Data entries:
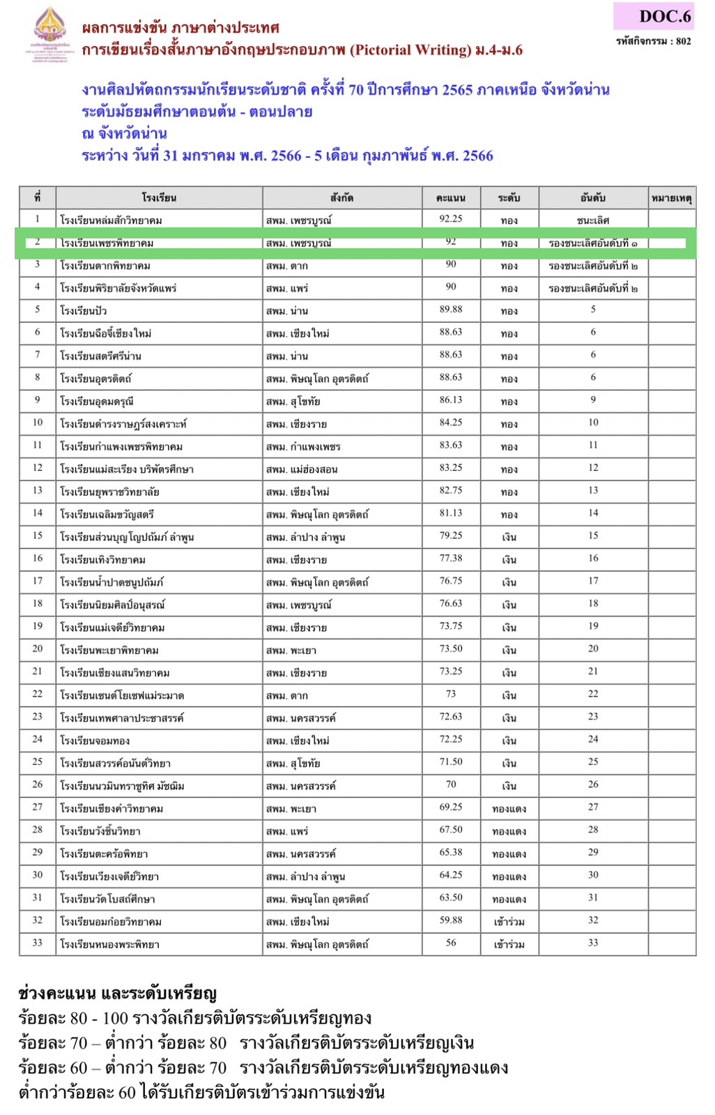 โรงเรียนเพชรพิทยาคม สพม.เพชรบูรณ์ รับรางวัลเหรียญทอง รองชนะเลิศอันดับที่ 1 จากการเขียนเรื่องสั้นภาษาอังกฤษประกอบภาพ (Pictorial Writing) ม.4-ม.6 กลุ่มสาระฯ ภาษาต่างประเทศ
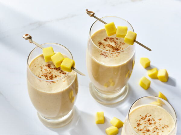 - Dans un mélangeur, mettre les cubes de mangue, le tofu et le yogourt. Bien mélanger jusqu’à consistance lisse.
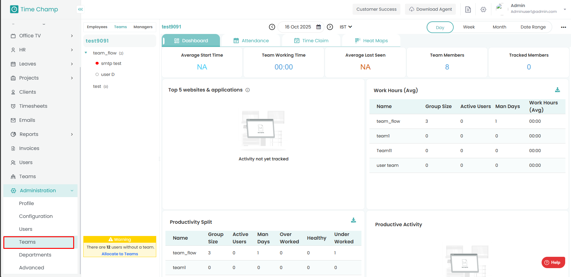 Team level Productivity configuration
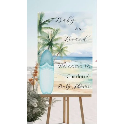 Um sinal de boas-vindas para um Chá de fraldas, celebrando um menino. Uma praia arenosa de cor aquática, ondas oceânicas e palmeiras como fundo, e uma prancha azul na praia.
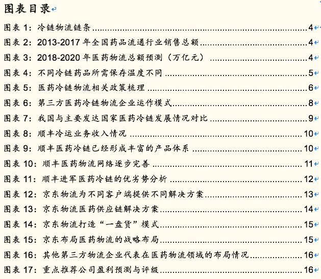 夯實網絡鏈條,并向逐步開拓醫藥客戶為戰略發力點。2018年,順豐從網絡建設、鏈條、技術創新3個方面發力,繼續向成為中國最有價值和最有影響力的醫藥健康供應鏈服務提供商的目標邁進。網絡方面,順豐將繼續完善醫藥物流底盤,通過多倉協同+干線運輸調度+航空運力補充逐步建立起全國“T+3”醫藥物流網絡;鏈條方面,優化倉干配全鏈條業務模式和運作流程,進一步提升-40℃至25℃多溫段溫控能力,提高資源使用效率和營運質量,未來3年還將通過6-7個核心物流中心,打造全國覆蓋的倉儲能力;技術創新方面,繼續加強醫藥冷鏈設備設施驗證管理技術和信息系統管理模式研發和創新。
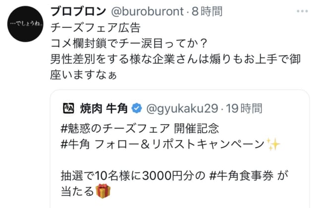 差別だろ!って叩いてるならやってる事フェミと同じだし、フェミが普段やってる事を仕返しでやってるだけだぞって奴らも何の罪もない企業を巻き込んで迷惑をかけてまで報復するのはそれはそれでやってる事フェミと同じだしね。結局頭おかしいフェミと同類の男に目付けられてしまっただけで牛角自体は何も悪くないよね
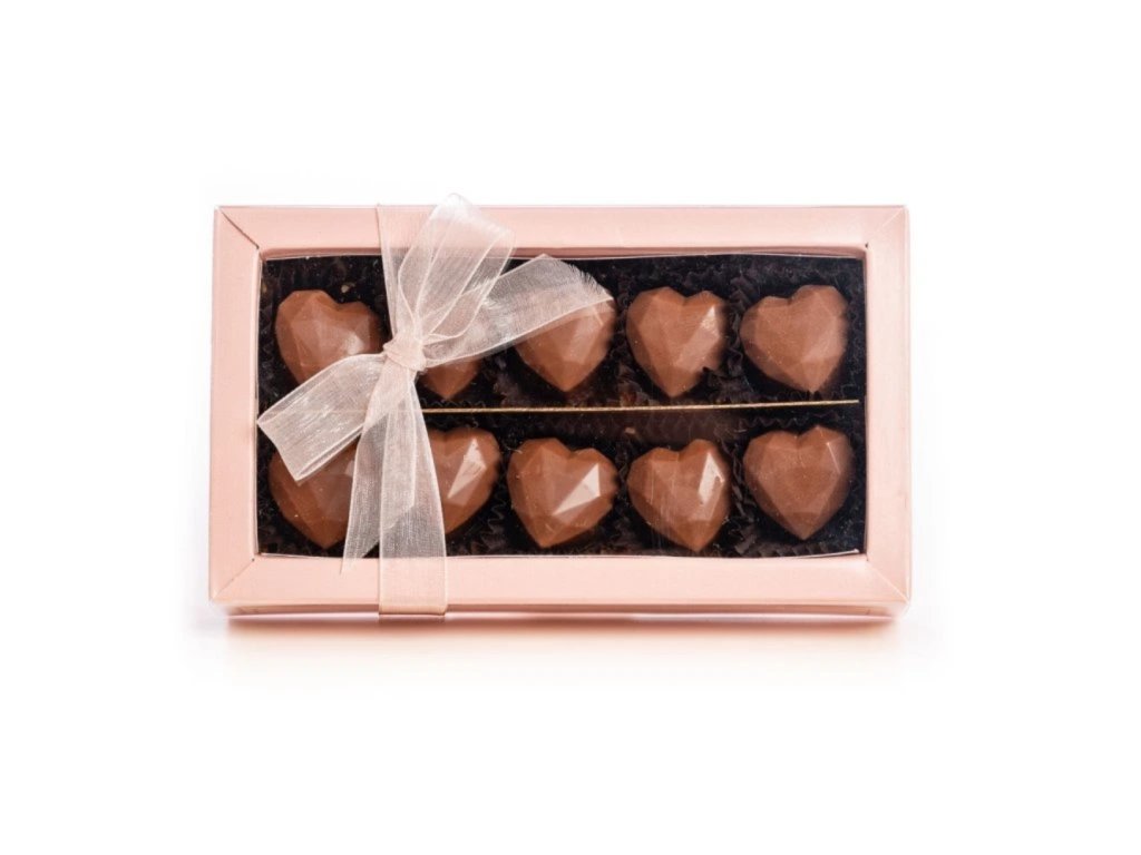 JANEK Růžová krabička bean to bar pralinek od srdce 10 ks POŠKOZENÉ
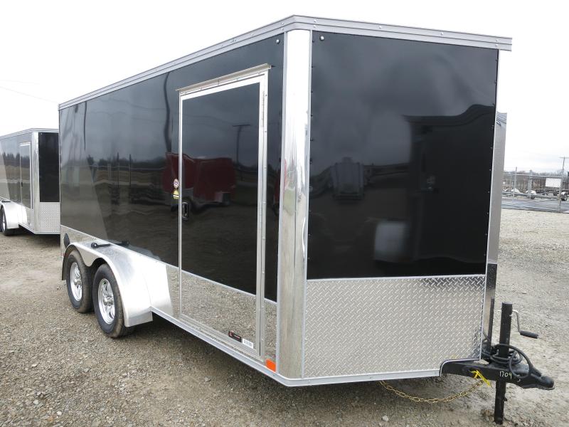 United 7x14 Tandem Axle Enclosed Trailer is a XLMTV Motorcycle trailer and is black and charcoal in color. The trailer is loaded with accessories and set up ready to haul your motorcycle. This motorcycle trailer has RV side door with flushlock, Aluminum wheels, d rings, wheel chocks, white interior walls, white ceiling, polished corners, screwless smooth exterior sides, 6' interior height, rear ramp door and 28" V-nose.
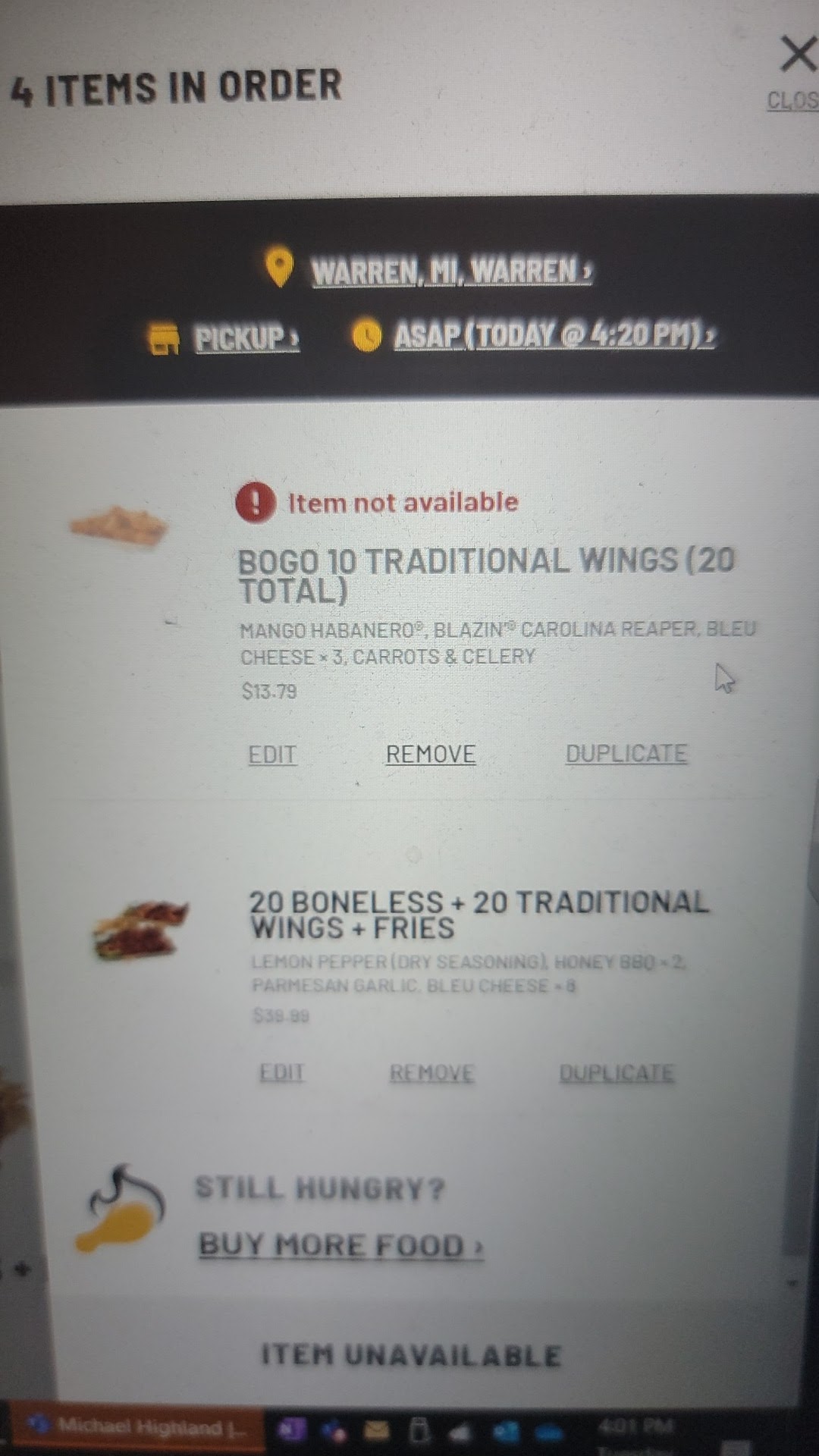 As of yesterday, 2/19/2019 a few good things have happened. First), I received a response from the headquarters asking me to call them to discuss above review, which I did call back within a few days. But before calling them, secondly) mysteriously I received a handwritten envelope in the mail from the BBWās I reviewed. Inside of this was simply a hand written $10.00 restaurant credit made out to āour guestā (I think, forgot). Third, yesterday I called in an order of small traditional āAsian Zingā and the āBOGOā ordered āParmesan Garlicā. Went in giving them an extra 5 minutes I was greeted enthusiastically by one of the managers, he happened to be walking into the carry out service area. He asked to help me and went right onto the register collected my ācreditā and the extra difference in cash and within a minute or so the nice pleasant young lady brought out my order. As I was still taking care of Bill I went right towards her as she began to show me my order and explaining where the extras were as well ample napkins and wet wipes. I have to say, THIS PARTICULAR VISIT WAS 5 STARS * ALL AROUND, FROM THE GREETING ON THE PHONE TO BEING HANDED MY CARRY OUT ORDER!!! I knew they had it in them. Now just keep it up. In the end, I have to say I did not go to competition, yet, but will definitely be back to the Warren Michigan store in the near...
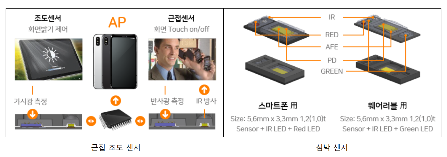 센서에는 다양한 광원을 감지하는 광센서 제품과 심박 센서 등을 개발, 공급하고 있습니다.

### What the task asks
In the answer, the entries must appear exactly as above, without the images.

### Your solution
 โรงเรียนเพชรพิทยาคม สพม.เพชรบูรณ์ รับรางวัลเหรียญทอง รองชนะเลิศอันดับที่ 1 จากการเขียนเรื่องสั้นภาษาอังกฤษประกอบภาพ (Pictorial Writing) ม.4-ม.6 กลุ่มสาระฯ ภาษาต่างประเทศ
 - Dans un mélangeur, mettre les cubes de mangue, le tofu et le yogourt. Bien mélanger jusqu’à consistance lisse.
 Team level Productivity configuration
 Um sinal de boas-vindas para um Chá de fraldas, celebrando um menino. Uma praia arenosa de cor aquática, ondas oceânicas e palmeiras como fundo, e uma prancha azul na praia.
 夯實網絡鏈條,并向逐步開拓醫藥客戶為戰略發力點。2018年,順豐從網絡建設、鏈條、技術創新3個方面發力,繼續向成為中國最有價值和最有影響力的醫藥健康供應鏈服務提供商的目標邁進。網絡方面,順豐將繼續完善醫藥物流底盤,通過多倉協同+干線運輸調度+航空運力補充逐步建立起全國“T+3”醫藥物流網絡;鏈條方面,優化倉干配全鏈條業務模式和運作流程,進一步提升-40℃至25℃多溫段溫控能力,提高資源使用效率和營運質量,未來3年還將通過6-7個核心物流中心,打造全國覆蓋的倉儲能力;技術創新方面,繼續加強醫藥冷鏈設備設施驗證管理技術和信息系統管理模式研發和創新。
 差別だろ!って叩いてるならやってる事フェミと同じだし、フェミが普段やってる事を仕返しでやってるだけだぞって奴らも何の罪もない企業を巻き込んで迷惑をかけてまで報復するのはそれはそれでやってる事フェミと同じだしね。結局頭おかしいフェミと同類の男に目付けられてしまっただけで牛角自体は何も悪くないよね
 JANEK Růžová krabička bean to bar pralinek od srdce 10 ks POŠKOZENÉ
 United 7x14 Tandem Axle Enclosed Trailer is a XLMTV Motorcycle trailer and is black and charcoal in color. The trailer is loaded with accessories and set up ready to haul your motorcycle. This motorcycle trailer has RV side door with flushlock, Aluminum wheels, d rings, wheel chocks, white interior walls, white ceiling, polished corners, screwless smooth exterior sides, 6' interior height, rear ramp door and 28" V-nose.
 As of yesterday, 2/19/2019 a few good things have happened. First), I received a response from the headquarters asking me to call them to discuss above review, which I did call back within a few days. But before calling them, secondly) mysteriously I received a handwritten envelope in the mail from the BBWās I reviewed. Inside of this was simply a hand written $10.00 restaurant credit made out to āour guestā (I think, forgot). Third, yesterday I called in an order of small traditional āAsian Zingā and the āBOGOā ordered āParmesan Garlicā. Went in giving them an extra 5 minutes I was greeted enthusiastically by one of the managers, he happened to be walking into the carry out service area. He asked to help me and went right onto the register collected my ācreditā and the extra difference in cash and within a minute or so the nice pleasant young lady brought out my order. As I was still taking care of Bill I went right towards her as she began to show me my order and explaining where the extras were as well ample napkins and wet wipes. I have to say, THIS PARTICULAR VISIT WAS 5 STARS * ALL AROUND, FROM THE GREETING ON THE PHONE TO BEING HANDED MY CARRY OUT ORDER!!! I knew they had it in them. Now just keep it up. In the end, I have to say I did not go to competition, yet, but will definitely be back to the Warren Michigan store in the near...
 센서에는 다양한 광원을 감지하는 광센서 제품과 심박 센서 등을 개발, 공급하고 있습니다.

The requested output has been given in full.